The SAIRLA-supported AFRINT IV project has been collecting data on agricultural intensification from 23 farming communities in seven regions in Malawi, Tanzania and Zambia since 2008. Policies in all countries have a strong focus on maize intensification and also target women as recipients of subsidised farm inputs. During this time, data on maize shows that only in the Zambian region has there been a sustained increase in yields, but this has been tied to a persistent gender gap. In the other two countries, yields have been stagnant. In the case of Malawi this is explained by poverty, land fragmentation and a gradual depletion of natural resources. In the case of Tanzania, withdrawal of subsidy schemes for maize in combination with new commercial opportunities in rice and tree crops appear to be changing land use patterns.
Despite these differences, women are united by some common characteristics: generally women experience mobility constraints as a result of domestic chores and socially restrictive norms.

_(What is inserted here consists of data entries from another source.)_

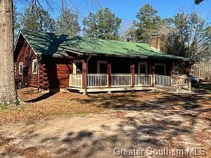 This log cabin home is located in the country in a wooded area. MUST SEE THIS ONE! Fireplace! Vaulted ceiling in living room! Special amenities in kitchen! Pot filler! Farmhouse apron front sink! Under cabinet lighting! Large great room! New flooring throughout. Fresh paint! Relax on the front porch and listen to the birds! Beautiful yard with many blooming shrubs and bushes! 30 X 50 SHED with kitchenette and bathroom! Venue! Rent the shed out for graduation gatherings...birthday parties... POND! Fish from your own pond! 2nd shed for extra storage. You will love the big outdoor space! Must see to fully appreciate!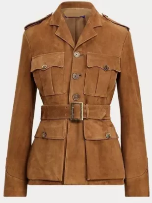 Veste ceinturée en daim marron portée par elle-même (Melania Trump) comme on le voit dans Melania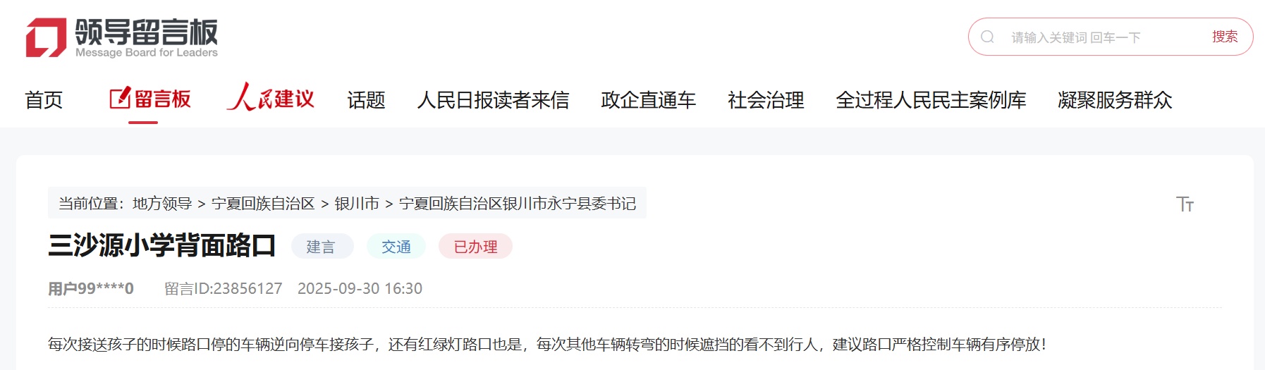 人民日报银川10月29日电(李甜甜)近日,有网友在人民日报网上“领导公告栏”留言反映,宁夏回族自治区银川市永宁县三沙园学校门口存在乱停车、车辆逆向行驶的情况。建议加强管控,实现车辆有序规范停放。互联网用户留言的屏幕截图。接到此消息后,永宁县公安局公开回应。回应称,永宁县对网友举报的路段在不同时间进行了多次现场检查和走访。调查发现,部分家长在上下学高峰时段,将车辆随意停放在双排停车场。另一方面,一些驾驶员道路安全意识淡薄,可能会逆行行驶、右转不行驶。屈服,或长时间停留在走走停停的区域。官方回应截图。针对上述情况,永宁县公安局坚决坚持“缓解拥堵与综合治理相结合”。当地公安部门在上学期间派出护士,劝说司机规范停车、停车和起步。每周五下午放学后我们还安排交警人员进行救援工作。同时,向学校师生和家长宣传文明停车、安全出行的理念,鼓励家长选择“绿色出行”或“异地停车、步行交通”。与此同时,永宁县公安局继续将校园周边交通秩序管理纳入日常工作核心,强化“护岗”等有效机制,加强与教育、学校等部门,奉行完善的“一校一策”管理方案。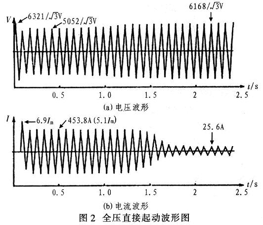 圖2為全壓直接起動的電壓、電流波形。由圖2(a)電壓波形可見,電動機(jī)起動前系統(tǒng)電壓為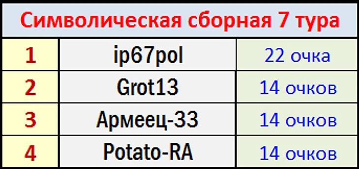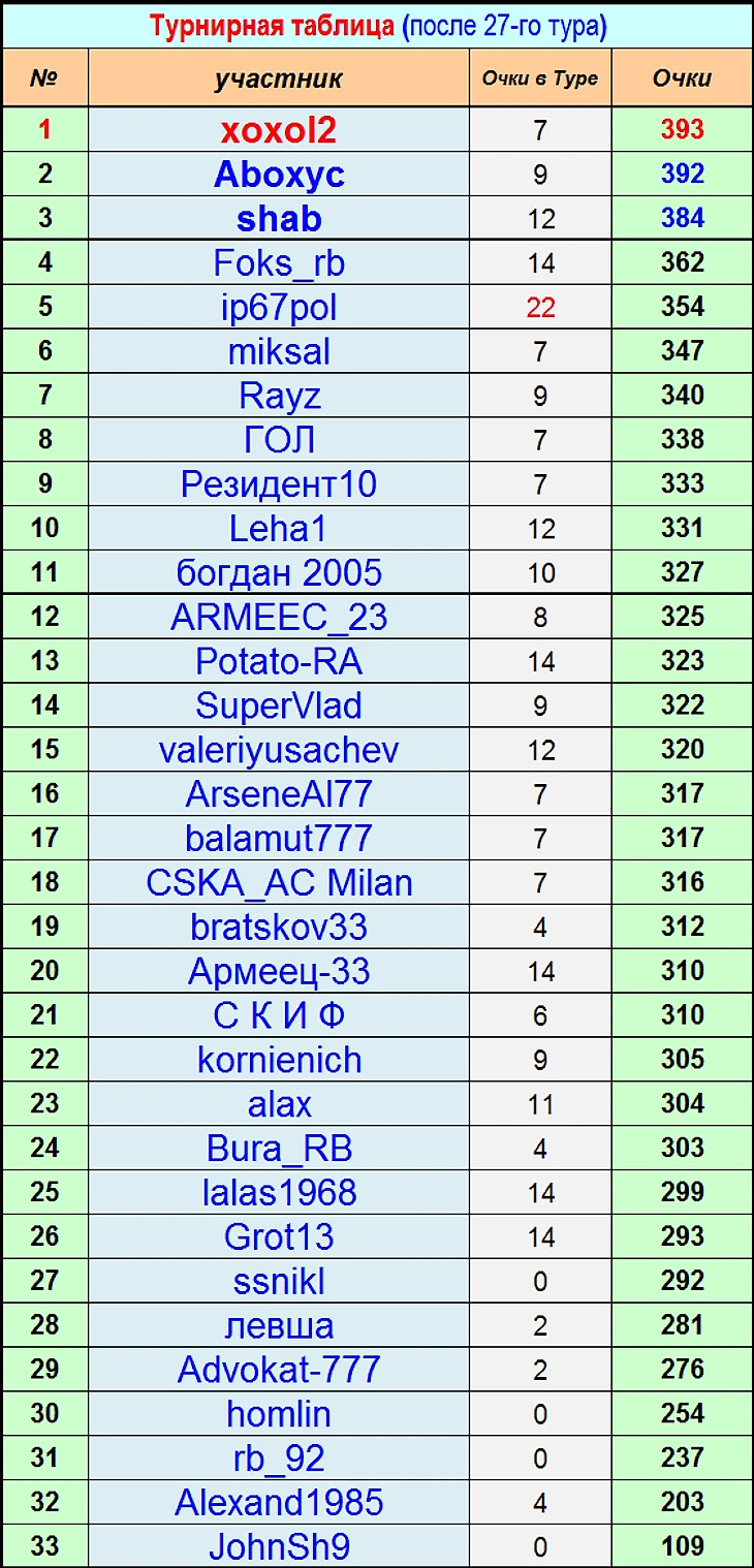 МВП 27-го тура - Александр ip67pol - 22 очка!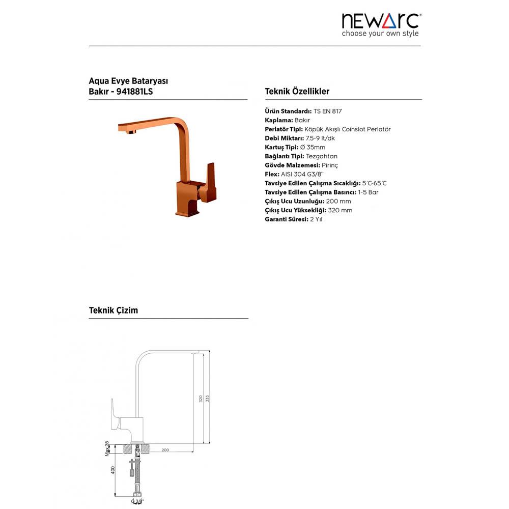 Newarc Aqua Eviye Bataryası Parlak Bakır 941881Ls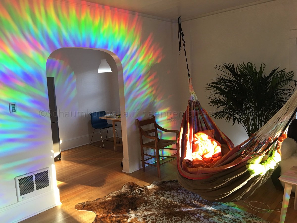 Haben Sie an ein Tensahedron gedacht? Funktioniert gut für 90° Hängematten (fragen Sie Seitenschläfer). Könnte aus 4 Holzstäben von 2,5M Länge und 5cm Durchmesser hergestellt werden. Tagsüber schnell zusammenklappbar, um in einer Ecke mit noch befestigter Hängematte zu stehen. Schwerkraftanker auf beiden Seiten könnten ziemlich leicht sein, da bei einer 90°-Hängematte das Ganze im Gleichgewicht bleibt und sich nicht kopfüber lehnt, so dass die Spannung der Ankerleine gering ist.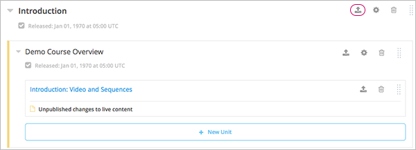 To publish all new and changed units in a section, select the Publish icon in the box for the section.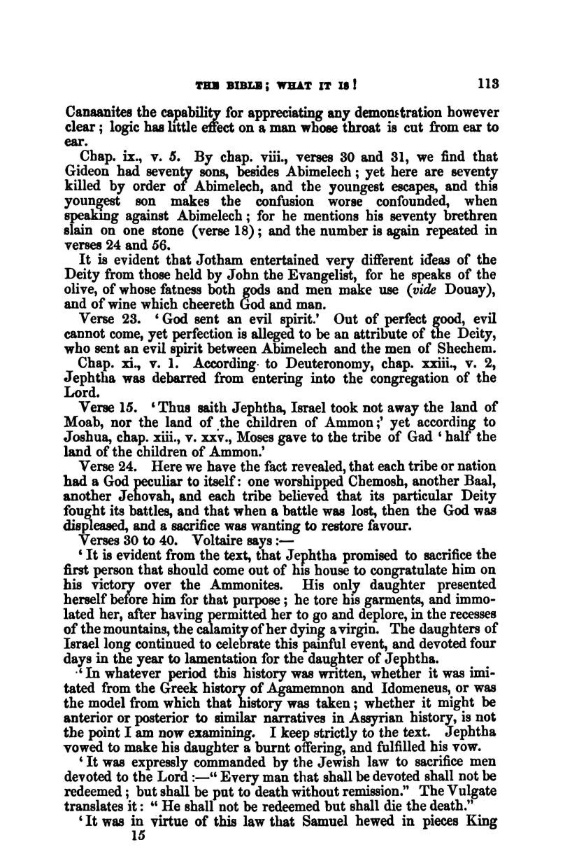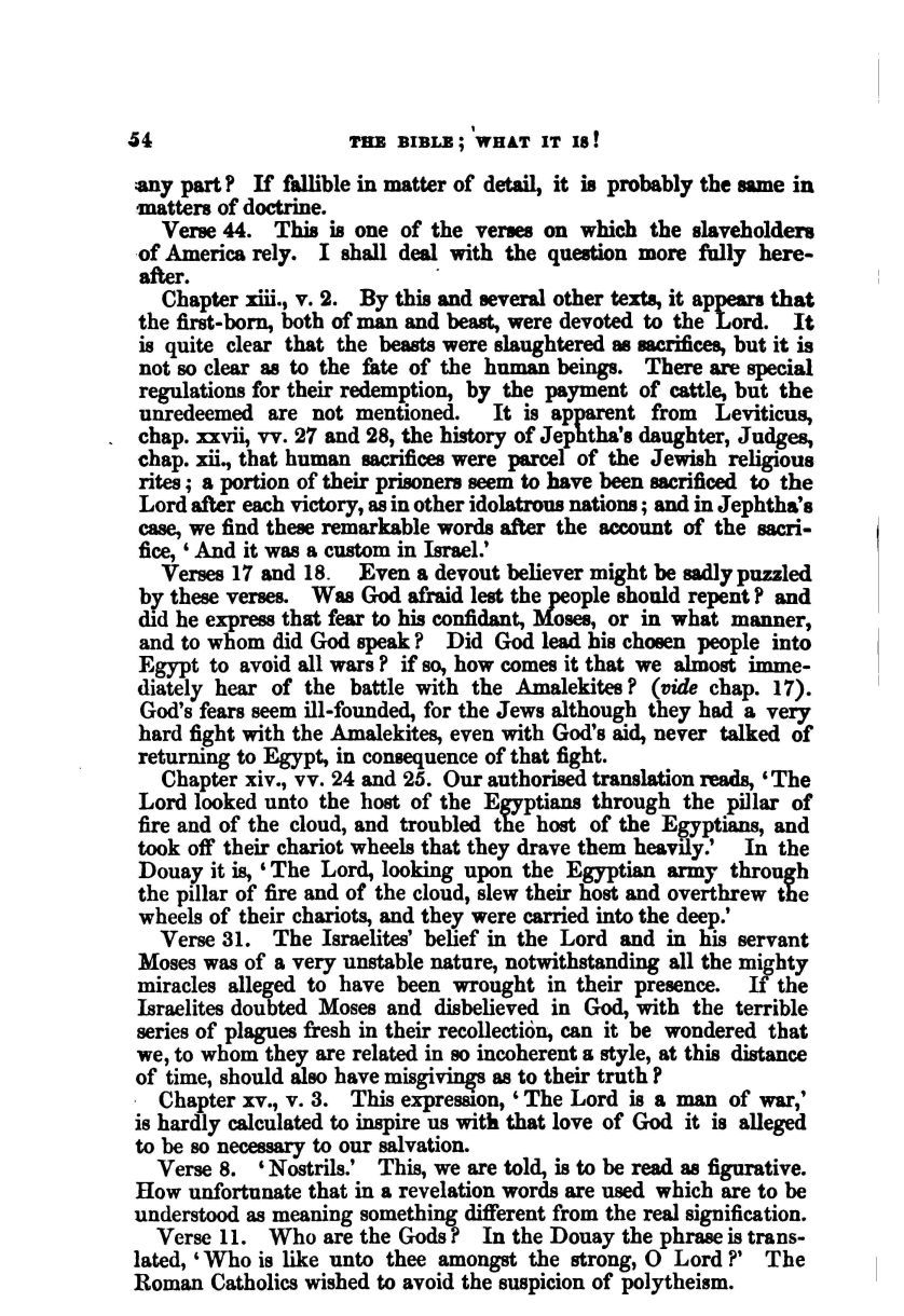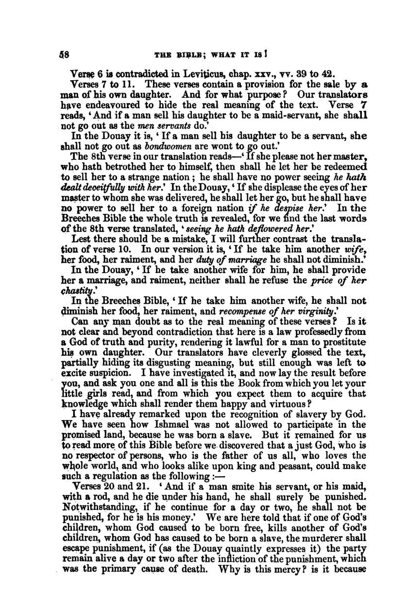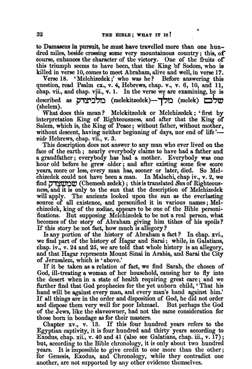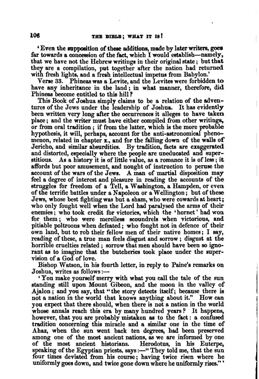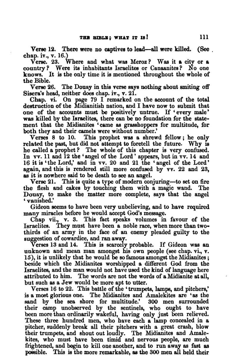 I have a copy printed by Robert Barker before me which contains the whole eighty books. It begins with these words, 'The first book of Moses, called Genesis.' Not one word of this title is to be found in the Hebrew. The word Genesis is a Greek word, signifying production, generation, birth, origin, or formation. It seems curious that the translators should have given a Hebrew book a Greek title. In the Hebrew there is no title to the book; the first word [———] (in the beginning) is merely written in larger characters. The headings to each page and chapter are also additions made by the translators; and this is sometimes very important, as they are made to improperly govern the meaning of the text. As to Genesis being called 'the first book of Moses,' I think that grave censure should be cast on those who prefixed those words; they are entirely omitted in the Douay edition. Long since, our churchmen have been acquainted with the fact that these words, fixing the authorship on Moses, form no part of the original text, yet they allow edition after edition to be printed bearing the same title as that of 1611. Why is this? It is not that they are afraid of tampering with the authorised version, for they have actually, in the later editions, omitted the whole fourteen books of the Apocrypha, which were included in the original edition. {pg5} In an edition of King James's authorised version, printed in 1630, the page containing Ezekiel, chapter 7, is headed by mistake with the word 'Apocrypha.' This mistake has been corrected in the later editions; why not also have corrected those five false statements which allege Moses as the author of the Pentateuch? There have been, also, several printers' errors corrected in the later editions, yet the words in question are allowed to stand; why is this? again I ask. The persistence in an error of so important a character would justify suspicion, and even the allegation of fraudulent intent on the part of those who issue the book. It is an attempt to give an anonymous work an undue claim on our attention. Moses himself, in no part of the five books, claims to be the author of them; and in no part of the Bible is he alleged to be the writer of the Pentateuch. It is certainly alleged that Moses wrote 'the law,' 'the book of the law,' but there is nothing whatever to show that that work outlived the destruction of Jerusalem, and there are several express declarations to the contrary (vide Letter on the Pentateuch by Thomas Cooper, M.D., and Esdras, chap, xiv., v. 21). I am aware of the texts quoted by those who allege that Moses was the author of the whole Pentateuch; viz., Exodus, chap, xvii., v. 14, chap, xxiv., v. 4 and 7, chap, xxxiv., v. 27, Numbers, chap, xxxiii., v. 1 and 2, Deuteronomy, chap, i., v. 5, chap, xxxi., v. 9, 13, 22, 24, 26; but do not think that they will, even in the hands of the most partial supporter of the Mosaic hypothesis, bear on the question sufficiently to decide it in the affirmative, or even to create a presumption in its favour. That Moses was the author of the Pentateuch as it now stands is a proposition which no intelligent man in the present day will venture to support, especially after the elaborate criticisms of Aben Ezra, Spinoza, Hobbes, Peyrerius, Astruc, Pere Simon, Volney, Voltaire, Gesenius, Vater, Paine, and others. The whole of the five books abound with passages which could not have been written by Moses, or during his life time. See—Genesis, chap, xii., v. 6, also chap, xiii., v. 7; these verses must have been written at a period when the Canaanites had been expelled from the land of which they were in quiet possession during the lifetime of Moses:—

Moreover, the condition for co-financing to access subsidies disadvantages poorer households – many of which are headed by women. Finally, women’s access to labour is limited, both that of men in particular, but also the drudgery of their own domestic tasks and care burdens imposes restrictions on their time. The seasonality of smallholder agriculture means that the effects of these shortages on intensification are aggravated.
Policies need to redress all of these aspects, for instance through rural electrification and expanding basic healthcare for children, encouraging small scale enterprises among women and gender sensitisation campaigns that involve men as well as women.